7. Deploy with Lambda function

Now that we have a working SageMaker endpoint, we can integrate it with other AWS services. In this lab, you will create API Gateway and Lambda function.

This architecture will enable us to quickly test our endpoint through a simple HTTP POST request.

  • Install Chalice

Go to the lambda folder and install chalice

pip install -r requirements-dev.txt

or run

pip install chalice==1.20.0

  • In the lambda\.chalice\config.json update the value of the ENDPOINT_NAME environment variable with the name of your SageMaker endpoint

    {  
    "version": "2.0",  
    "app_name": "predictor",  
    "autogen_policy": false,  
    "automatic_layer": true,  
    "environment_variables": {    
    	"ENDPOINT_NAME": "name-of-your-sagemaker-endpoint"  
        },  
        "stages": {    
          "dev": {      
            "api_gateway_stage": "api"    
          }  
        }
     }
    
  • Deploy the Lambda function

Let’s now deploy this Lambda by running

chalice deploy --stage dev

Make sure to run this command from the lambda folder. If your deployment times out due to your connection, please add --connection-timeout 360 to your command.

Our Lambda function expects to receive an image in the request body. It then reshapes this image so it can be sent to our trained model. Finally, it receives response from the SageMaker endpoint and returns it to requester.

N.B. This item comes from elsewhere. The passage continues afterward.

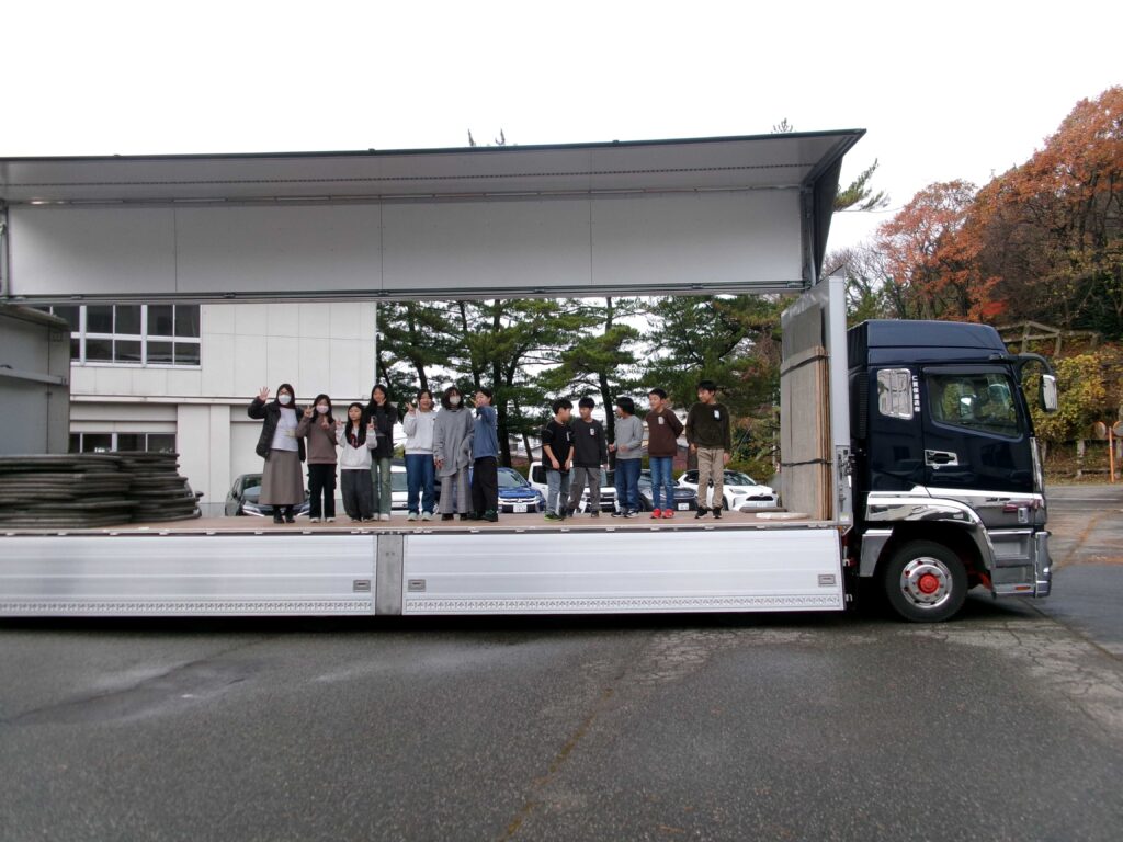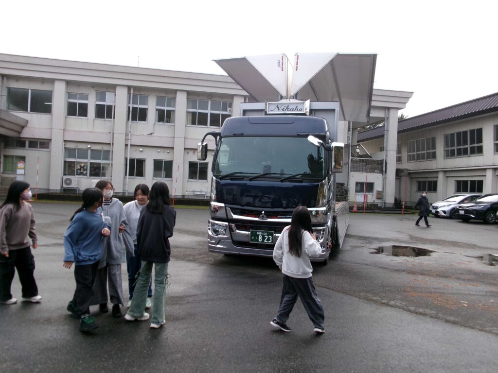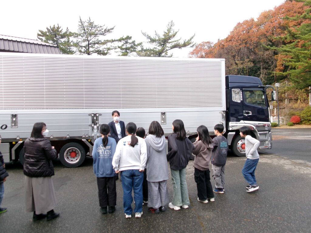 11月25日(月)は、秋田県トラック協会の方をお迎えして、5年生が物流についての学習を行いました。トラック協会の方からは、「どのようにして荷物をトラックが運んでいるのか」「トラック輸送の利点」等のお話を聞かせていただきました。この後、ウィング車と呼ばれている大型トラックを実際に見せていただきました。「小学生の子どもだったら400人以上の重さの荷物を運ぶことができる」「500リットルの燃料タンク」「12本のタイヤ」などの説明を聞きながら、子どもたちはトラックの大きさに驚くとともに、荷台に上がって大喜びでした。

As we are exposing this Lambda function through REST API @app.route("/", methods=["POST"]), Chalice will deploy it behind the API Gateway that will route the incoming traffic to it.

  • Trigger your Lambda

Now you can trigger this Lambda function by running included bash script

bash post.sh

This script will download an image, and send a POST request to your Lambda. The response will contain probabilities for this image and prediction made by the deployed model.

{   
"response" : {      
	"Probabilities:" : "[[-3.10787258e+01 -1.61031952e+02 -2.43714166e+00 -2.35641022e+01\n  -1.84978195e+02 -9.14689526e-02 -5.73226471e+01 -8.57289124e+01\n  -7.99111023e+01 -9.30446320e+01]]",      
    "This is your number:" : "5"   
    }
}